Gary Comer, of Lands' End, another mail-order house, reports that more than 90,000 of their duffels were sold last year, "but many of them are never going to see the sea. More and more people are traveling abroad with an extra empty duffel in their regular luggage to fill later." Culver Modisette, of The Great World of Ecology Sports Catalog, says, "People are buying our Nordic cross-country pack just because they like the look of it. And students have taken to using it to carry books."

More specialized lightweight packs have long been designed for athletes who carry a lot of equipment while they exercise—backpackers and those who tour on skis or bicycles. These have influenced the development of bags for more general use. Ron Krenzel, a former Alpine racer now in design and development at Athalon Products, says that some of their bags are "an offshoot of the rucksack. Ours feature dual straps so that they can be carried either by hand or on one's back. There's a certain kind of person who won't carry a rucksack on his back," he explains. "This way, the option is his, and when he is carrying skis, a duffel bag with skiwear, another bag with boots and some small items, he is liable to find that the back-straps come in mighty handy." The new dual-strapped bags come in a variety of shapes and materials.

Almost every sport has a bag especially designed by people who participate in it. A sailor-designed duffel for saltwater travel will have waterproof compartments and rustproof plastic zippers, with extra flaps over the zippers to help keep out water.

Gear bags are sold in many places: sporting goods stores that supply camping equipment, ski and tennis shops, track-and-field outfitters, marine supply outlets, mail-order catalogs specializing in sporting equipment and some military surplus stores.
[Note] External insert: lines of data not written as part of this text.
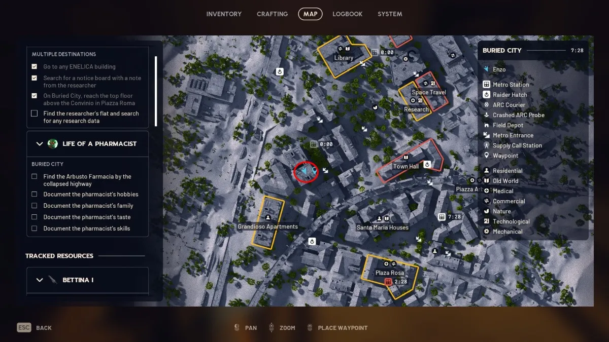 После выполнения этих задач вы отправитесь в Захороненный город, чтобы найти исследовательские данные. Вход находится на верхнем этаже здания над Convinio в Piazza Roma – посмотрите на карту для получения указаний.
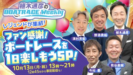 10月13日(祝月)13時から【植木通彦のボートレースウィークリー ファン感謝!ボートレースを1日楽しもうSP!】を8時間生配信!今村豊さん・熊谷直樹さん・濱村芳宏さん・野添貴裕さんが植木通彦ボートレースアンバサダーと当日開催のレースを解説!《12時45分頃から直前配信もお届け!》
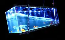 (Le) Poisson Rouge (often referred to as LPR) is a music venue and multimedia art cabaret in New York City founded in 2008 by Justin Kantor and David Handler on the former site of the Village Gate[2] at 158 Bleecker Street. The performance space was designed and engineered by John Storyk/WSDG. It has become known for its focus on artistry, bringing contemporary classical music into the club setting, and offering a variety of set ups so that a seated classical performance can be followed by a standing set by a rock band or a DJ.[3] Responding to a performance of Olivier Messiaen's Quartet for the End of Time featuring pianist Bruce Brubaker at LPR, The Wall Street Journal reported: "The crowd – many of whom wouldn't even have known who Messiaen was – sat in rapt silence, and roared their approval at the end."[4][5]
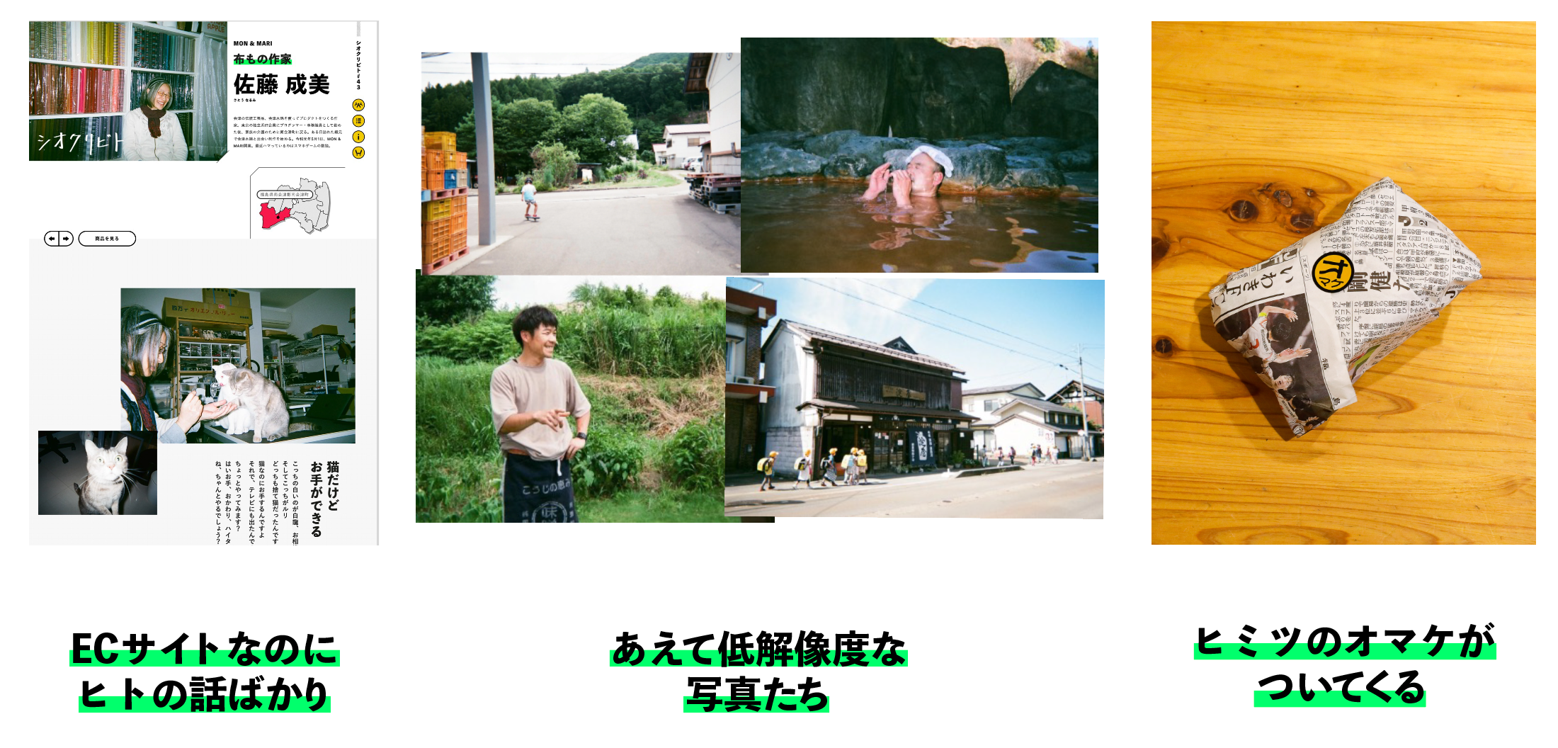 - 親近感を感じてもらえるよう、プロカメラマンではなく取材スタッフが使い捨てカメラで撮影した写真を活用。
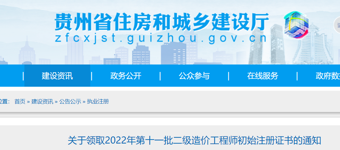 贵州省关于领取2022年第十一批二级造价工程师初始注册证书的通知

Though most bags are relatively inexpensive, they vary greatly in quality. Chances are that the bags carried in a surplus store will lack important extras and durability. Sea magazine says, for example, that "the typical Navy-style seabag is the drawstring duffel. The drawback is that it opens only at one end, limiting access to contents. Articles at the bottom may be lost forever. Still, Navy surplus outlets offer these in lightweight canvas or nylon, new or used, starting at $2.49. But the bargain is dubious, since seam construction is poor and the damp leaks in. A better quality of product of similar design is the Sunshine Duff Sport Bag, which sells for $8.95."

Wherever you buy a bag, remember when checking it out that zippers are usually the weakest point. One should use extra straps when carrying heavy gear. Handles and straps must be sturdy and be both sewn and riveted to the material for extra strength. Seams must be unbroken. Outside pockets and pouches will eliminate rummaging through a bag for small articles. When possible, choose a bag with separate compartments for clean and dirty, or for wet and dry, clothing. ( L. L. Bean sells a pack of four drawstring sacks, called "pack organizers," in assorted colors and sizes for $5.50.) One should check fabric for weight, water repellency and quality. Choosing the right size is also important, because a duffel or soft bag will travel better if it is fully packed. Remember, it is surprising how much can be crammed into a small bag.